▶ [Assignment]
From the listing below, output the lines between the one with "Beige ribbstickad tröja" and the one with "2 Peri Bites", including those two, and nothing else. Pictures are not copied.

▶ [Records supplied]
◆ ◆ ◆ ◆ ◆
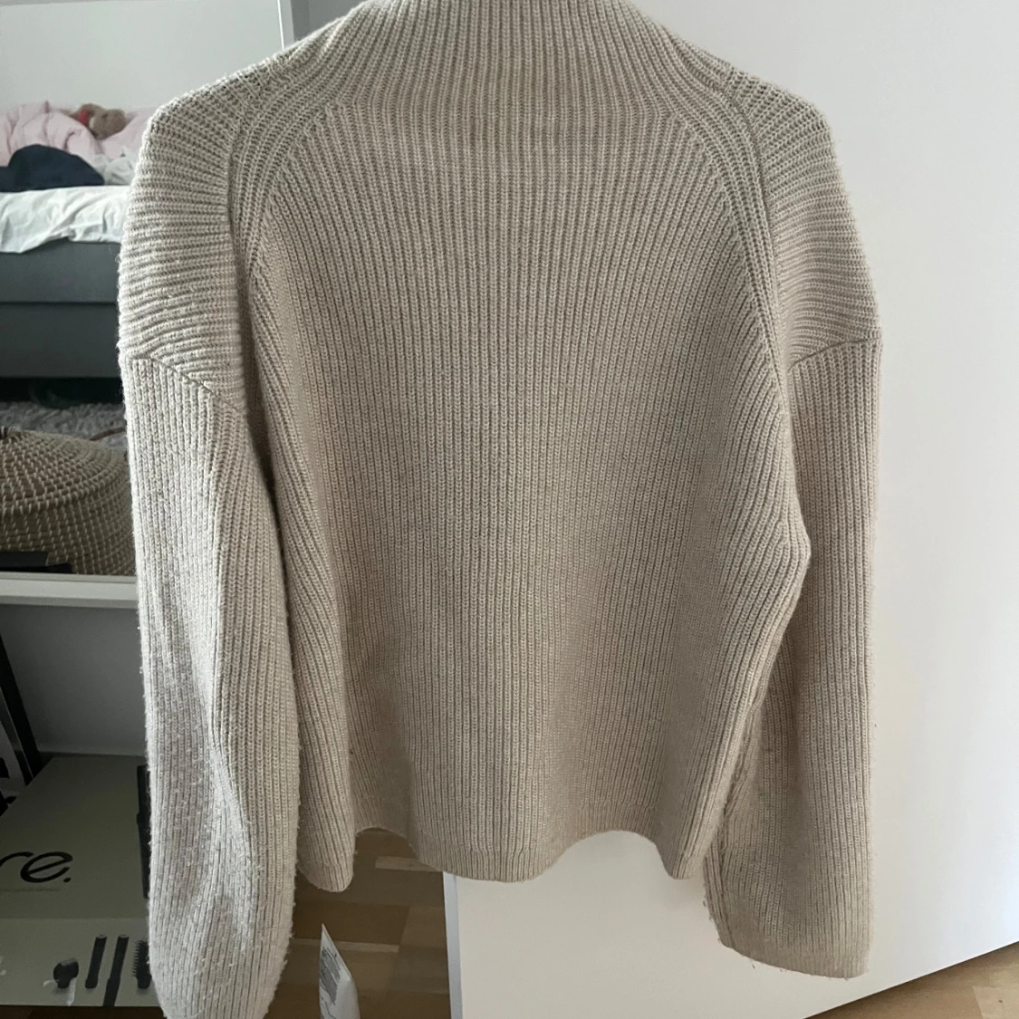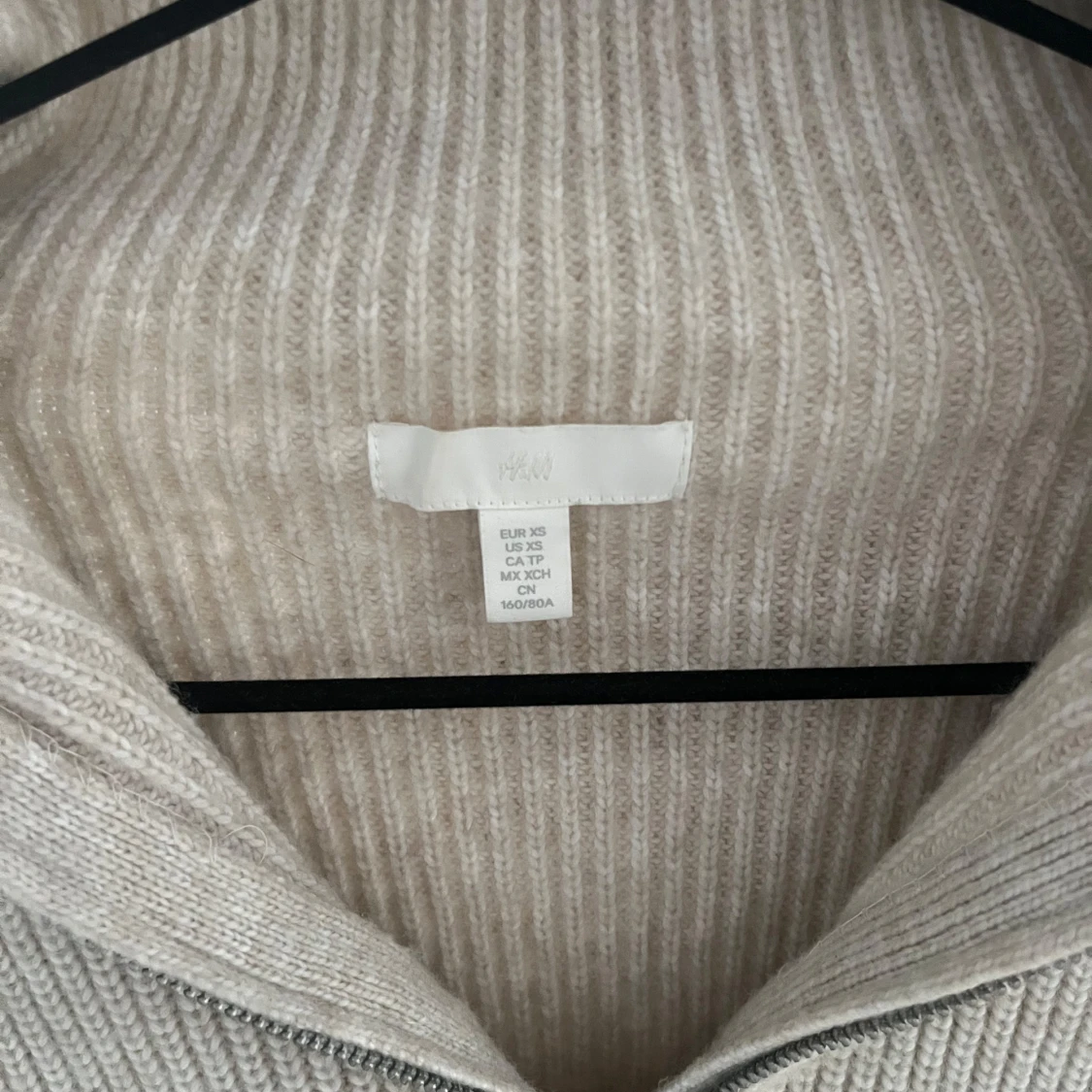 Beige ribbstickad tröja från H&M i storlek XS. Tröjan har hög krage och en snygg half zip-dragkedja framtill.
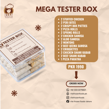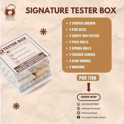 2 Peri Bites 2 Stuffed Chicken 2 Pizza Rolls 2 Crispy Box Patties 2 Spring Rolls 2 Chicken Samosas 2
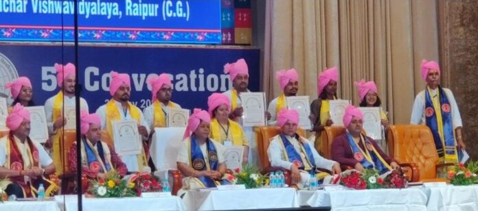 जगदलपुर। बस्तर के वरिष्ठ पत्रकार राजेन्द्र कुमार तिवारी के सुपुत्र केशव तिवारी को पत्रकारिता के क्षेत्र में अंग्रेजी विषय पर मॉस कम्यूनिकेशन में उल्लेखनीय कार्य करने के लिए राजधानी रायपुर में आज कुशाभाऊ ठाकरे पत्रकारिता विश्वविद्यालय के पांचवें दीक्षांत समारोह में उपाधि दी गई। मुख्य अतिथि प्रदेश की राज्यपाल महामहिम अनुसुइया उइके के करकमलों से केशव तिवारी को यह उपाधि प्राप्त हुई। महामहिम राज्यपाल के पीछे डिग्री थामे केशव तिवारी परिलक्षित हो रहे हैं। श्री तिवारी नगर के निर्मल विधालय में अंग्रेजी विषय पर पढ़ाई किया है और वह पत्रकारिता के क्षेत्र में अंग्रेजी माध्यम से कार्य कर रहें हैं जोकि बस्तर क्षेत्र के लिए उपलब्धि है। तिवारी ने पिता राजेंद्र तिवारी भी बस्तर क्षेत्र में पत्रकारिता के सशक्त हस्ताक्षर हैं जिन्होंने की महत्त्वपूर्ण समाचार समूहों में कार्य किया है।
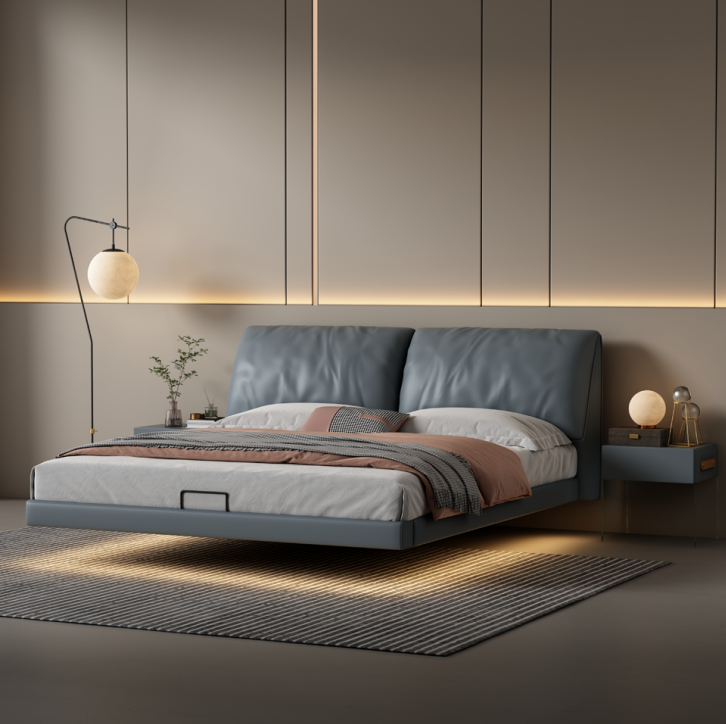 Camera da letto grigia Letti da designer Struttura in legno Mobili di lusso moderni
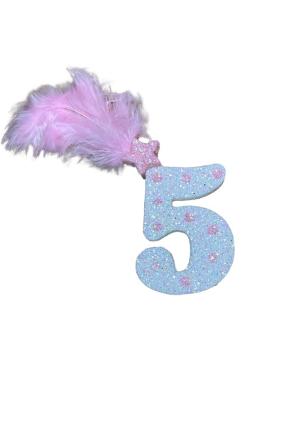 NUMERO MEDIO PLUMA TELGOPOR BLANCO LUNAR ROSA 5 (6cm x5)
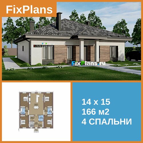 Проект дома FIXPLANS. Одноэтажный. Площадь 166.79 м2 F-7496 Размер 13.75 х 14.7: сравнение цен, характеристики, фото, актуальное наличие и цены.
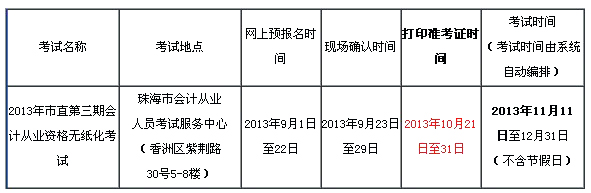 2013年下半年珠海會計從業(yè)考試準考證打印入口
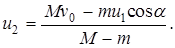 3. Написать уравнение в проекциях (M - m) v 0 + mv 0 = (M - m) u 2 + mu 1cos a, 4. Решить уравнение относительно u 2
◆ ◆ ◆ ◆ ◆
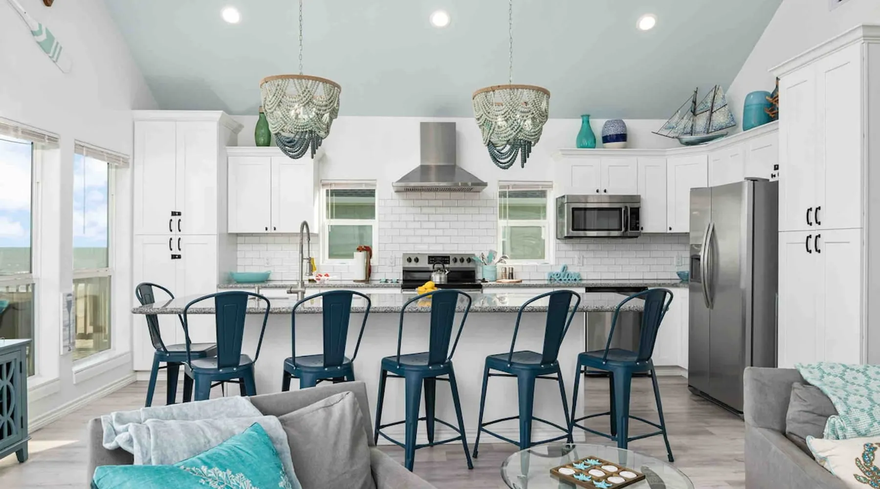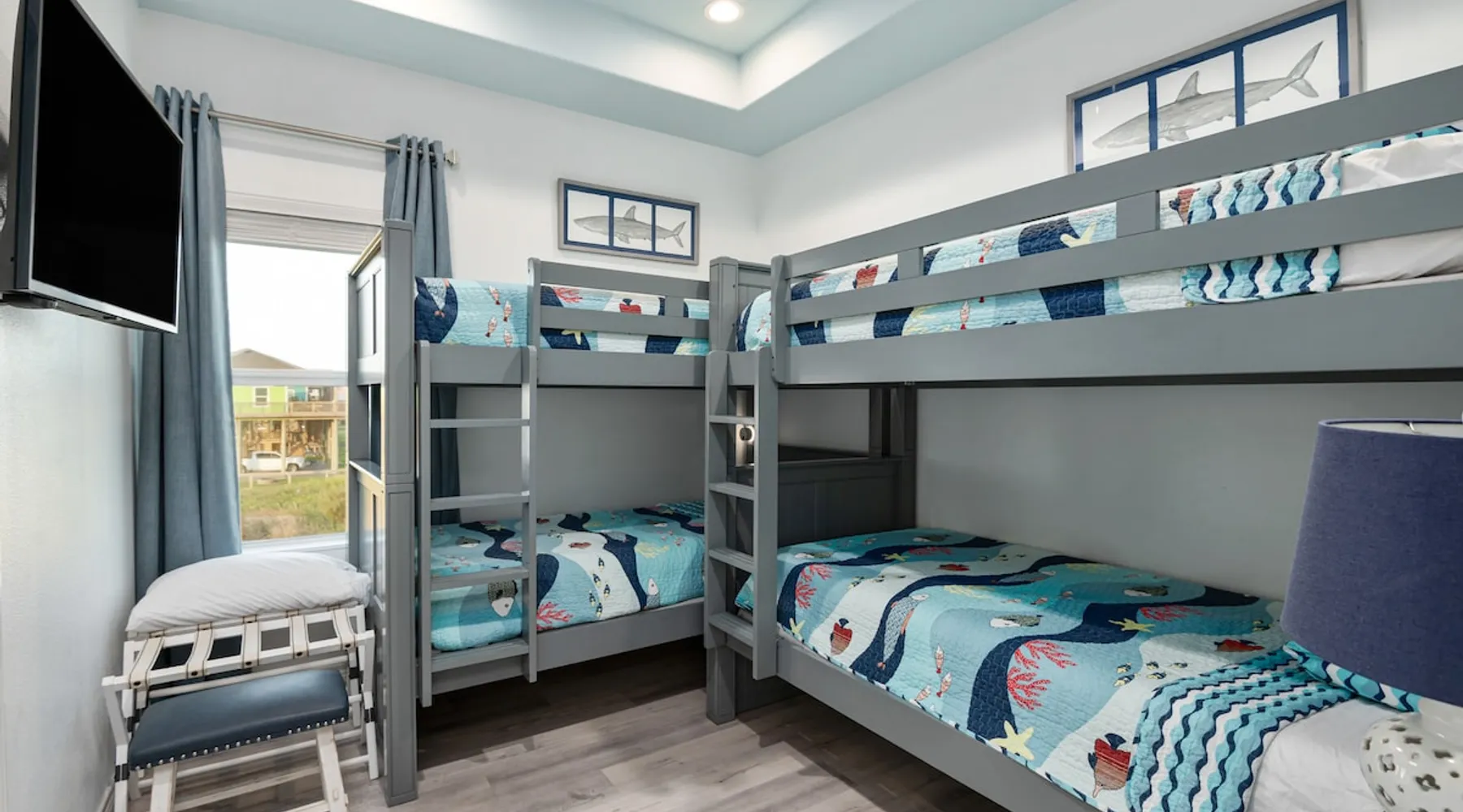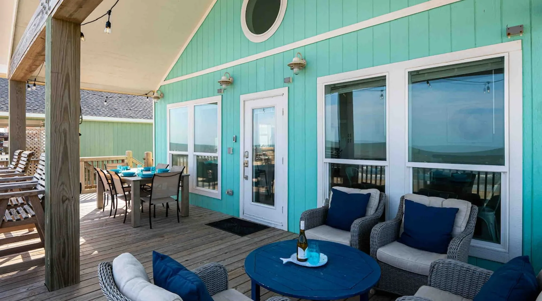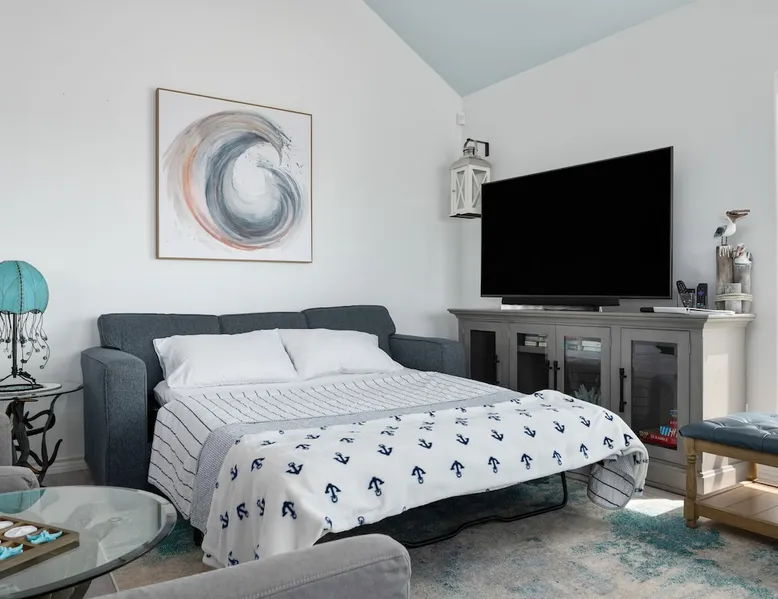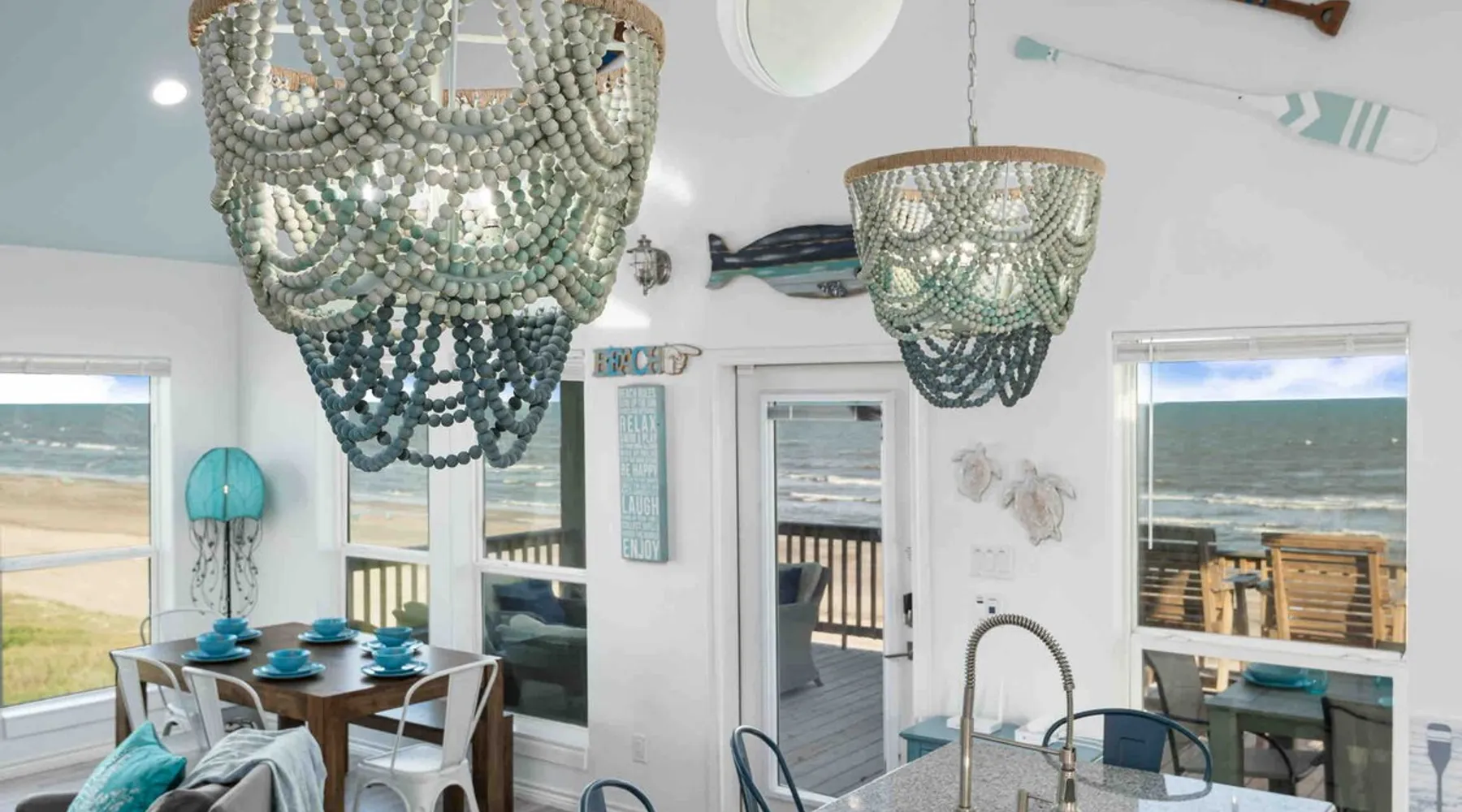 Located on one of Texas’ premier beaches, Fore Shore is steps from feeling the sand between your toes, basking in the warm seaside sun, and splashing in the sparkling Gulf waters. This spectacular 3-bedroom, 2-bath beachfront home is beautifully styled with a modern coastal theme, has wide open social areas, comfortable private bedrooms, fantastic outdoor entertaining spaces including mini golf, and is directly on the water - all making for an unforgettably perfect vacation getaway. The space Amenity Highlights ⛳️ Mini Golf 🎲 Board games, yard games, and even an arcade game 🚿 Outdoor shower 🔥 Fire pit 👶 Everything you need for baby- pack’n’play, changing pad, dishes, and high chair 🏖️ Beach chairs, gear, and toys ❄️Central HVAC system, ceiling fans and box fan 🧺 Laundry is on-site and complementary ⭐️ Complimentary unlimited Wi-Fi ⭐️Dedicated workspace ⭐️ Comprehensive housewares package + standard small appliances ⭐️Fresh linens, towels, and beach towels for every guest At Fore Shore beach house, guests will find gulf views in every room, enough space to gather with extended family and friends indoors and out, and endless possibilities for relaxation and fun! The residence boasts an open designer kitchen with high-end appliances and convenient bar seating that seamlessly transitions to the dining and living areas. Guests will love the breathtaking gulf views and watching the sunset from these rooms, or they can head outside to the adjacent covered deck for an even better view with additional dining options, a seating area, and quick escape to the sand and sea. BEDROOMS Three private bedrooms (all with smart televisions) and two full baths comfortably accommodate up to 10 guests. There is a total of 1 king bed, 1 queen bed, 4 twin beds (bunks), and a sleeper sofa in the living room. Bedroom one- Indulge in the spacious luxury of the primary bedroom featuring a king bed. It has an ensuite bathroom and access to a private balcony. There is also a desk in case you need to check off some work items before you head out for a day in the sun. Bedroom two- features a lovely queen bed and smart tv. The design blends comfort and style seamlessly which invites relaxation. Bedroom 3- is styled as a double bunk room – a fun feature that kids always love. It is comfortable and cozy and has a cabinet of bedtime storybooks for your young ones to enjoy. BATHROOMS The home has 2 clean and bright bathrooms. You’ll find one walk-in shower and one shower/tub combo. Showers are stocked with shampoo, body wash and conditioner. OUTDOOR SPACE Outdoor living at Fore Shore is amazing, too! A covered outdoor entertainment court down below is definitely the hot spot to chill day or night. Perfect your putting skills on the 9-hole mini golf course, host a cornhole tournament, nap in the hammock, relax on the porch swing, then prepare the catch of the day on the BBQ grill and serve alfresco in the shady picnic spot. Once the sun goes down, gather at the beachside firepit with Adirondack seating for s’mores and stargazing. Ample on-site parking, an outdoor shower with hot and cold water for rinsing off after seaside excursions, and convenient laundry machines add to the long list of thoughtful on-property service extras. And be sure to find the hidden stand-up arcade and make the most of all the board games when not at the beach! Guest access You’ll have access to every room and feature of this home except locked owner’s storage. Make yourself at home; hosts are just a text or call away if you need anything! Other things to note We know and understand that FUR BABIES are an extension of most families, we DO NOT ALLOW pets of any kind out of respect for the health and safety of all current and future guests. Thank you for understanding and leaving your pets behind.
◆ ◆ ◆ ◆ ◆
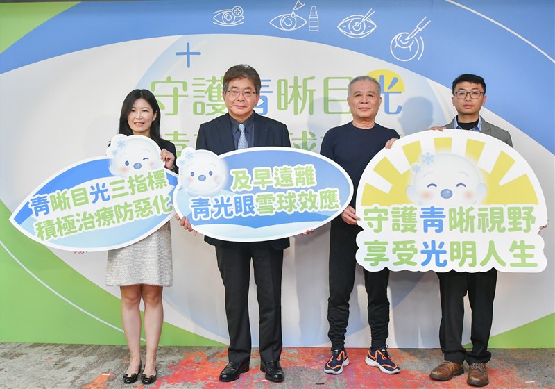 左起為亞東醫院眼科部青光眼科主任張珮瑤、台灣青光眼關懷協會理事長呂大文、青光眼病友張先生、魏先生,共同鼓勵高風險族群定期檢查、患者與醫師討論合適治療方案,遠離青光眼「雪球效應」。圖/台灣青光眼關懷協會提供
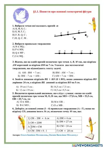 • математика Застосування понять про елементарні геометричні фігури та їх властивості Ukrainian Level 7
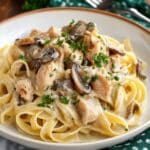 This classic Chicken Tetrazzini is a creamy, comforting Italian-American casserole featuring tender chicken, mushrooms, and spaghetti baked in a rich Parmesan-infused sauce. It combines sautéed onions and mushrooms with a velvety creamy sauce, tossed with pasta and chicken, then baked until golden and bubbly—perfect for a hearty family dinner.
◆ ◆ ◆ ◆ ◆
▶ [Answer for this exercise]
 Beige ribbstickad tröja från H&M i storlek XS. Tröjan har hög krage och en snygg half zip-dragkedja framtill.
 2 Peri Bites 2 Stuffed Chicken 2 Pizza Rolls 2 Crispy Box Patties 2 Spring Rolls 2 Chicken Samosas 2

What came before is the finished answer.